From: Randy Scott <>

>>> 2) access to PCB manufacturing
>>> 10 pieces of a 4-layer PCB cost ~$1200 and need 4 weeks
>>> for processing.
> I have access to simple two-sided PCB manufacturing facilities.
> PCB layout on the other hand is hard to come by...

The PCB layout is no problem. I know someone who can do it with Orcad.

>>> Current dream: a big FPGA connected to ALL the ISA pins, programmable
>>> on the fly by the PC itself; a fast 32-bit micro with very fast comm
>>> ports (ST20450) and a 32-bit bus with a standard 72-pin DRAM SIMM module
>>> (4-16M); 4 RS-232 ports; USB (Universal Serial BUS) controller; MIDI...
>>> Of course not all is needed by everyone, only the FPGA can be mounted
>>> in a minimal version, and it can be a PGA, so no trouble soldering it.
>>> You can easily implement any kind of UART in a reasonabily big chip.
>>> Probable costs (for the user):
>>> development and testing ... $0
>>> FPGA ... $50-$100
>>> PCB ... $1200/n_users
>>> uP(20450) ... $40
>>> uP(56000) ... $0
>>> RAM ... see your local store/get from an old PC
>>> Connectors, glue logic ... $10
>>> Any feedback?
> Hmmm.. I just attempted a project like this for as my "Senior Design
> Project." It failed miserably.
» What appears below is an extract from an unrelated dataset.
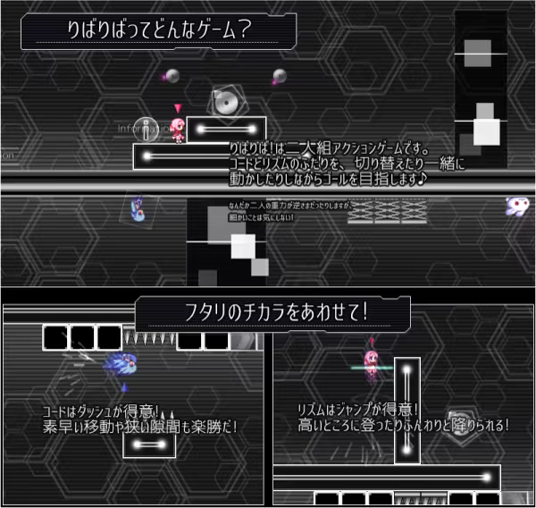 このゲームはコードとリズムという2人の女の子を操作して、ゲーム内のプログラム世界を縦横無尽に駆け巡り、

Primary reasons: PCB layout software
> is too expensive and possibly difficult to use (this may not be an
> issue if you are sending it somewhere to have done), and designing a
> DRAM/bus controller in an FPGA is a b*tch (really, its no picnic).
> Also, an FPGA that is designed to interface with all of the sh*t (excuse
> me) that have piled on that board is going take HOURS (and hours, and hours)
> to design and test. This project would be difficult enough (IMHO) if
> you just had a pile of 64kx8 DRAM chips and a simple dumb logic circuit.
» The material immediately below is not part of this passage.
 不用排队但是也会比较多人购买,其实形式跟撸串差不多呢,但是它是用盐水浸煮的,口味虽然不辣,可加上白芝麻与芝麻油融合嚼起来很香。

That is not a problem, because an experienced hardware designer
(not me!) will design the board. The only serious problem would
be assembly. The PCB design will be donated. PCB manufacture is
troublesome, but 4-layer boards can be built if enough people
are interested.

If you want a board, all you need to do is:
Request it.
Wait for the design.
Pay for the PCB & misc. parts (about $200 I guess)
Get some RAM.
Solder the board.

That assumes enough people want boards.